# 2009 BMW E92 , detail



## ProReflection (Oct 7, 2009)

car was in good shape , but had some light scratches and light swirls from improper washing. 
readings was tekean around the car, healthy paint thickness.
i did some test spots ,and the winner was solo diamond polish pad and meg 205 with g110. as u can see in some of the before/after i manage to get more clarity in the paint reflection, and it improve the paint correction too.
process :
-wash with ONR method and clay with meg claybar and onr as lube
-wheels got wash with onr and p21s gel wheel cleaner , tires got endurance gel , and the wheels was sealed with klasse aio
-all trims and lights was taped
-paint got the above polish process
-seal was klasse with polycharger and top with optimum car wax
-door jams got klasse aio
-exhaust pipes was polish with meg metal paste
-inside was use z1 cockpit premium on dashboard,wood trim,screens,steering
-leather was treated with meg cleaner/conditioner
-windows was clean in and out
-lights front/rear was treated with rejeX
-vac inside









all taped , ready for magic!








lack of clarity in the paint , before








after buff , no wax or seal!








wheel before:








wheel after:








2scratches , got them very hard to see ,


----------



## ProReflection (Oct 7, 2009)

inside


















all this are AFTER:


----------



## dboy11 (Mar 6, 2006)

You do a lot of taping, why?


----------



## PhillyNate (Jul 27, 2008)

Nice job on the detail.

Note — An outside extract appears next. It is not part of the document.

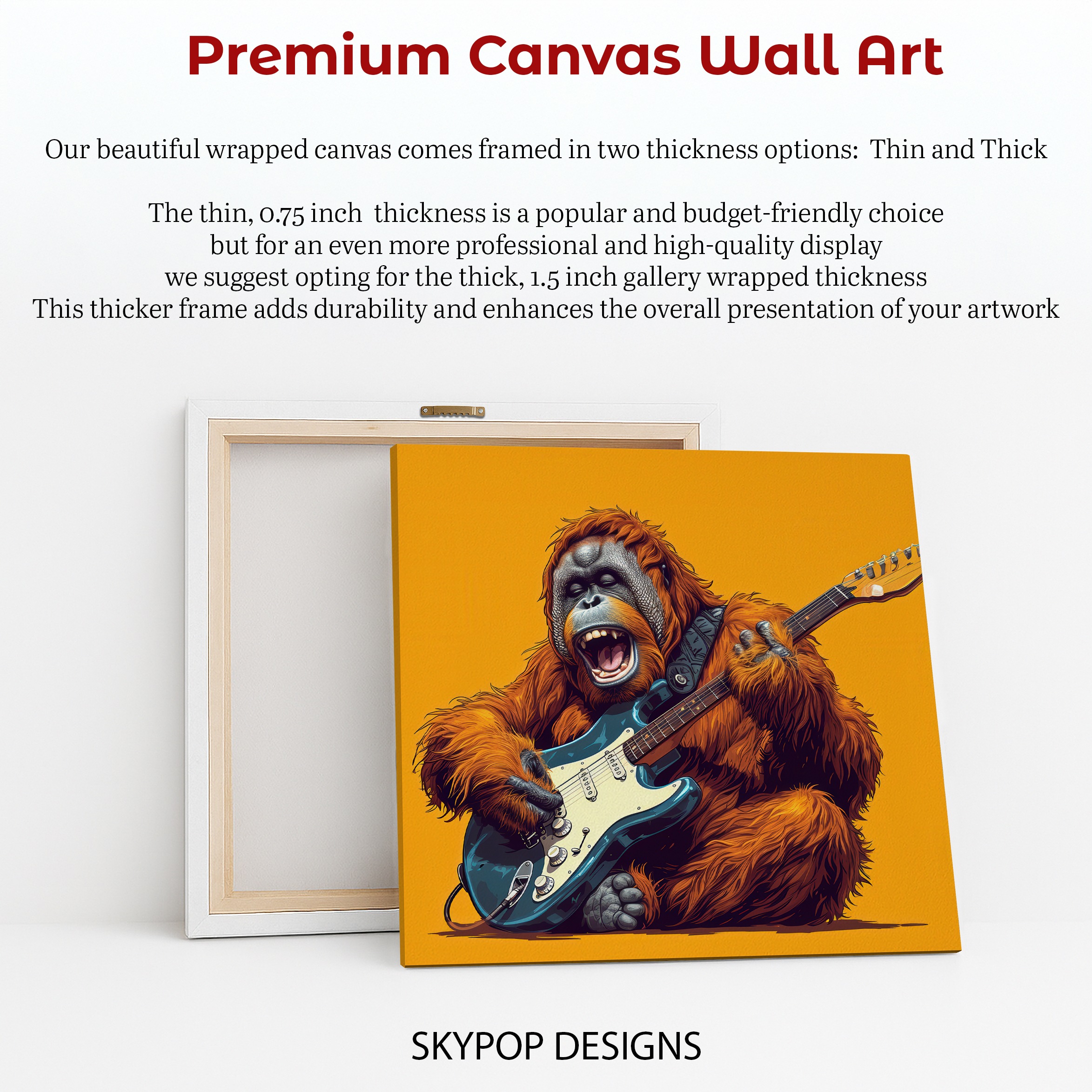 Keywords: Orangutan Art, Rocking Orangutan, Guitar Art, Canvas Wall Art, Animal Wall Art, Pop Art Print, Graffiti Art, Contemporary Art, Modern Decor, Bohemian Decor, Living Room Art, Game Room Decor, Office Wall Art, Music Room Decor, Yellow Art, Orange Art, Multicolor Art, Black Art, Music Lover Gift, Birthday Gift, Holiday Gift, Unique Wall Art, Statement Piece, Home Decor, Animal Lover, Vibrant Art, Energetic Vibe, Joyful Art, Creative Decor, Rockstar Art

Off-topic, those BMW Performance wheels are really a nice touch. BMW really makes some nice factory wheels when they want to.


----------



## ProReflection (Oct 7, 2009)

dboy11 said:


> You do a lot of taping, why?


even if i go with PC only is better be safe than sorry , masking tape = cheap insurance .
a roll of tape cost less than a plastic /chrome trim. on rotary is a must ,on PC is so and so , but i use it.


----------



## dboy11 (Mar 6, 2006)

Cosmin said:


> even if i go with PC only is better be safe than sorry , masking tape = cheap insurance .
> a roll of tape cost less than a plastic /chrome trim. on rotary is a must ,on PC is so and so , but i use it.


Thanks


----------